Friday, December 30, 2016

The MyRocks community in 2016

The MyRocks community grew in 2016 with significant contributions from early evaluators. I appreciate their help and have been busy documenting the problems that they reported. I look forward to more contributions in 2017.

MariaDB Corporation and Percona announced plans to include MyRocks in their distributions. You will be able to get MyRocks with expert support. Equally big have been the contributions from Sergey Pertunya to MyRocks.

The MySQL team at Alibaba reported poor performance from range scans with sysbench. The problem was memory system contention on a performance counter and the fix made long range scans 2X faster on concurrent workloads.

I have been using sysbench more and created a script to run a sequence of tests with it. During my tests I noticed too much variance during the read-only tests and the problem is non-determinism from the state of the memtable and level 0 of the LSM tree. The overhead for a search of the LSM tree depends on the amount of data in the memtable and the number of files in level 0. This state is not deterministic when a read-only test follows a read-write test. I filed issue 427 to see if we can get RocksDB to adapt and flush data earlier than normal from the memtable and level 0 when a workload becomes read-only.

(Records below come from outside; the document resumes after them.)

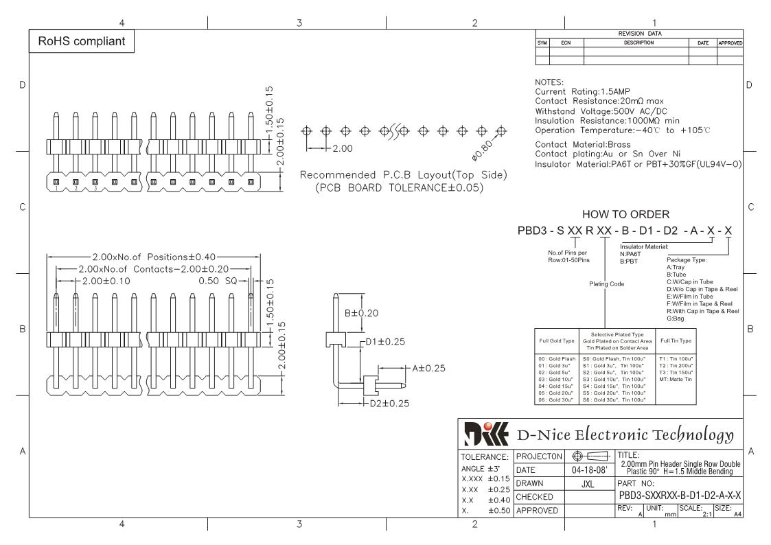 Your location  Home -> Products  ->  Connector  ->  Pin Header  ->  2.0 pitch  ->  1512 PBD3-SXXRXX-B-D1-D2-A-X-X
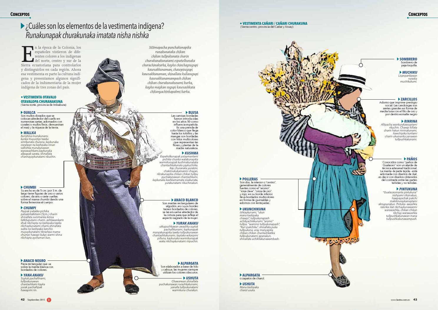 La vestimenta tanto del hombre como el de la mujer guardan una estrecha relación con la cosmovisión y con el sistema de documentación de sus conocimientos a través de la combinación de los colores (espectro visible de la luz) y sus bordados con la geometría fractal; sistema que fue esencial para el almacenamiento de la información de los pueblos originarios de los andes, antes de la incorporación de nuevo formato de documentación con base en el alfabeto latino (abecedario).
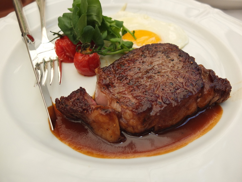 熟度五分、外頭煎烤得焦焦的乾式熟成肋眼,
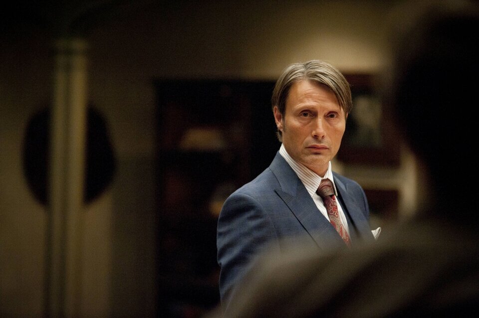 Символично и монументально первое появление сериального Ганнибала в кадре: под Гольдберг–вариации Баха в полумраке за обеденным столом с изысканной сервировкой постепенно появляется фигура человека в темно-коричневом костюме. Акцент на руках, разрезающих приборами кусочки мяса, и скульптурном лице Миккельсена с четко очерченными скулами. При такой игре света и тени косая челка Лектера рождает ассоциации с Адольфом Гитлером.
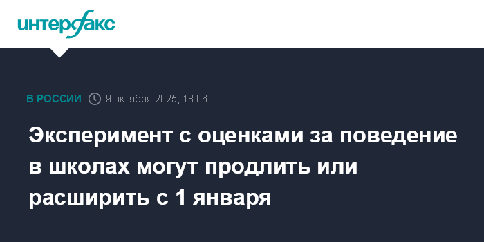 Москва. 9 октября. INTERFAX.RU - Итоги эксперимента по введению в ряде школ семи регионов России оценки за поведение будут подведены в конце 2025 года, рассматривается продление эксперимента или его расширение на все образовательные учреждения, сообщил "Интерфаксу" глава Минпросвещения РФ Сергей Кравцов.
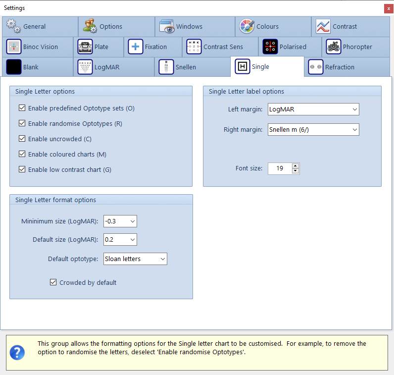 Options in this panel allow the user to specify the Minimum size (Single Letter) (i.e. the smallest Single Letter letters shown on the chart), the default size (i.e. the current Single Letter row after a reset) and the Default optotype (i.e the optotype set after a reset).
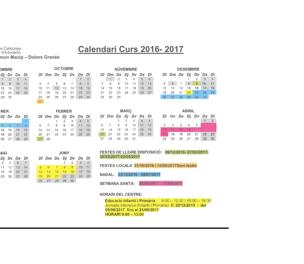 - Inici L’escola Calendari del curs
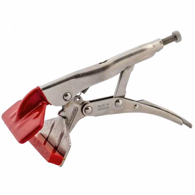 Grepptång med plastbackar avsedd för mjukare material som aluminium, zink och koppar.Den röda plastbacken ska inte sitta helt fast så skruva därför inte åt skru
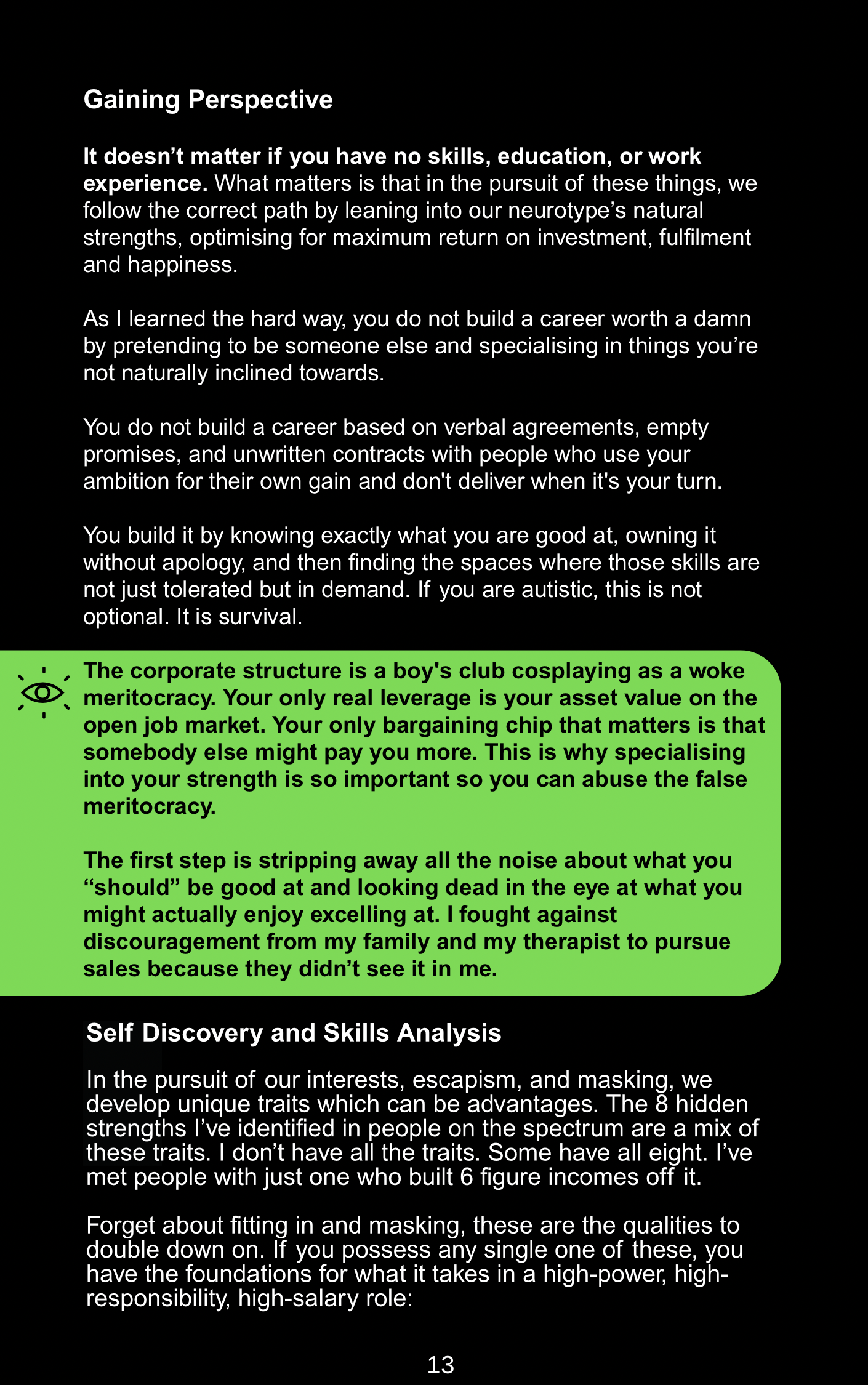 This was written from the inside so it's raw, unfiltered, and brutally honest. I don't pretend anything is fair, it was forged in autistic lived experience and written from a place of sheer frustration with the uselessness of the career guides, corporate training, other autism resources and patronizing feel-good self-help books available.
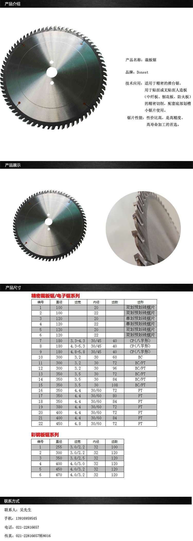 305*3.2/2.2*65*120T,280*3.2/2.2*25.4*120T(以上产品有3左1右,3右1左,五齿组,左右齿)适用于多层板,细木工板,集装箱地板,木地板等产品的裁边锯切。300*3.2/2.2*30*72T,300*3.2/2.2*30*96T,350*3.5/2.5*30*96T,350*3.5/2.5*30*108T,400*3.5/2.5*30*96T,400*3.5/2.5*30*108T,以上产品适用于家具厂锯切刨花板,三聚氰胺贴面板。
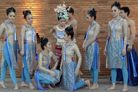 Traditional dancers on an evening in front of the old city wall at Pratu Tha Phae place in Chiang Mai in the north of Thailand in South East Asia
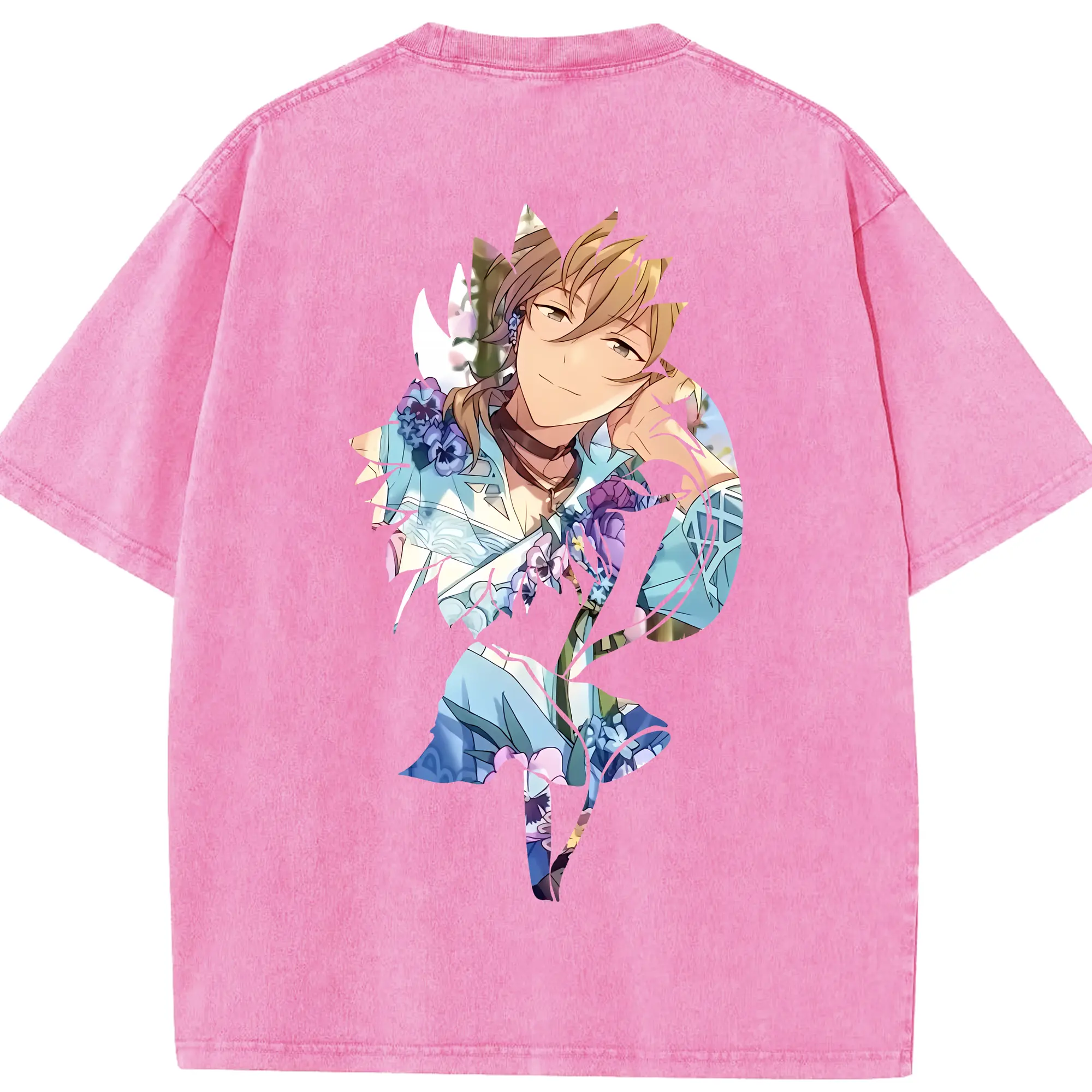 アイカツ グッズ 氷上 スミレ - 綿100% ヴィンテージ風 半袖Tシャツ ・ 背面プリント ・ 柔らか肌触り ・ 通気性 快適 ・ スポーツ カジュアル 外出用

Sysbench is extremely useful even though the workloads provided by it are synthetic -- especially the read-only tests with a small (multi-GB) database and most tests use a uniform distribution for keys. There is a talk on sysbench at FOSDEM 2017 and I look forward to using it more next year.

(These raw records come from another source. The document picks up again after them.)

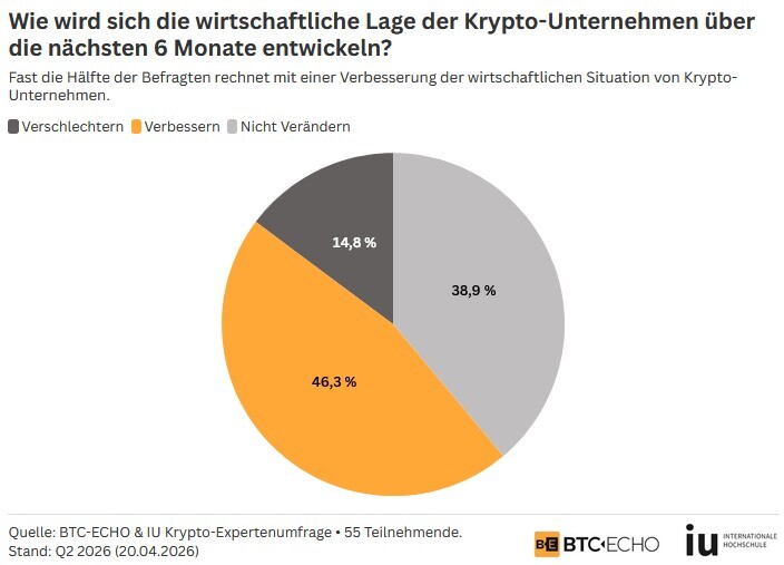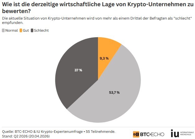 Lediglich 9,3 Prozent sehen die aktuelle wirtschaftliche Situation der Krypto-Unternehmen als gut an. Im vorherigen Quartal (Q1 2026) waren es noch 23,8 Prozent und davor, im 4. Quartal 2025, sogar ganze 68,6 Prozent. Dafür steigt der Anteil der negativen Einschätzungen von 7,1 Prozent im Vorquartal auf nun 37 Prozent. Die Krise im Krypto-Sektor hat sogar dazu geführt, dass der Indexstand erstmalig ins Negative gedreht ist. Von 16,7 Prozent im vorherigen Quartal auf nun – 27,8. Der Index wird berechnet, indem der Prozentsatz der positiven Bewertungen von dem Prozentsatz der negativen Bewertungen abgezogen wird.
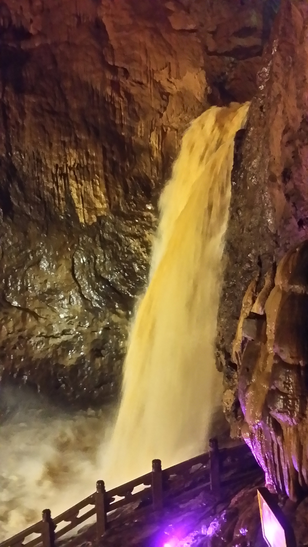 동굴 안에 없는 게 없다. 저렇게 큰 폭포도 있다. 그리고 매점과 휴식 공간도 있다. 동굴 안에서 동굴음악회가 열린 적도 있고 소수민족인 이족(彛族)이 공연하는 동굴 공연장도 있단다. 그리고 동굴 끝부분에는 인력거 꾼들이 대기하고 있었다. 여기까지 걷는 데도 한참 걸렸는데 인력거꾼이 대기하고 있다는 것은 앞으로 남은 길은 '죽음'이라는 뜻이다. T.T
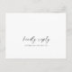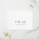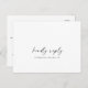 This modern script song request RSVP postcard is perfect for a minimalist wedding. The simple black and white design features unique industrial lettering typography with modern boho style. Customizable in any color. Keep the design minimal and elegant, as is, or personalize it by adding your own graphics and artwork. Build your wedding guest list and your dance floor song list all at once! This wedding response postcard conveniently asks guests if they will be able to attend your wedding, and also what song will get them to dance.
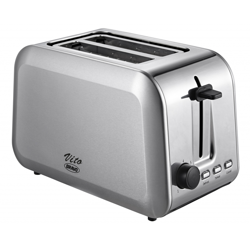 <p>Nerezový topinkovač Bravo B-4819 pro přípravu 2 kusů topinek. Je vybaven funkcí ohřevu, rozmrazování a STOP tlačítka.</p>

Justin Swanhart pointed out the lousy performance MyRocks provided with a default configuration. As a result we improved the default configuration by increasing the memtable to 64M and block cache to 512M and I will share results at FOSDEM. See issues 369375, and 441.

Justin Swanhart and Rick Pizzi reported problems with too-large transactions leading to lousy performance and OOM. MyRocks buffers in memory all changes from a transaction until commit and at commit time the changes are briefly double buffered when copied into the memtable. Until we make this better the workaround is to use rocksdb_commit_in_the_middle for bulk loads. Even after we make this better that option will be useful for bulk loads. Today we have a poor limit on the max size of a transaction via rocksdb_max_row_locks. This is a limit on the number of locked rows rather than on the memory used by a transaction. Even worse, the default is 1B. We are changing the limit to be on the amount of memory used by a transaction. Issues for this include 341, 347, 348 and 365.

The MySQL team at Alibaba reported a performance regression from MyRocks group commit when running sysbench. They also reported a correctness problem that I ran into with sysbench. Auditing the code found another bug. A related problem is that rocksdb_disable_2pc was enabled by default, meaning engine & binlog crash safety wasn't guaranteed. We have changed the default configuration to be crash safe and renamed the option to avoid double negatives. We also used YSCB and sysbench to reproduce the performance regression and have work in progress to make this better. That requires collaboration between the MyRocks and RocksDB teams. It is fun to watch the teams solve problems. Issues for this problem include 474481, 482488.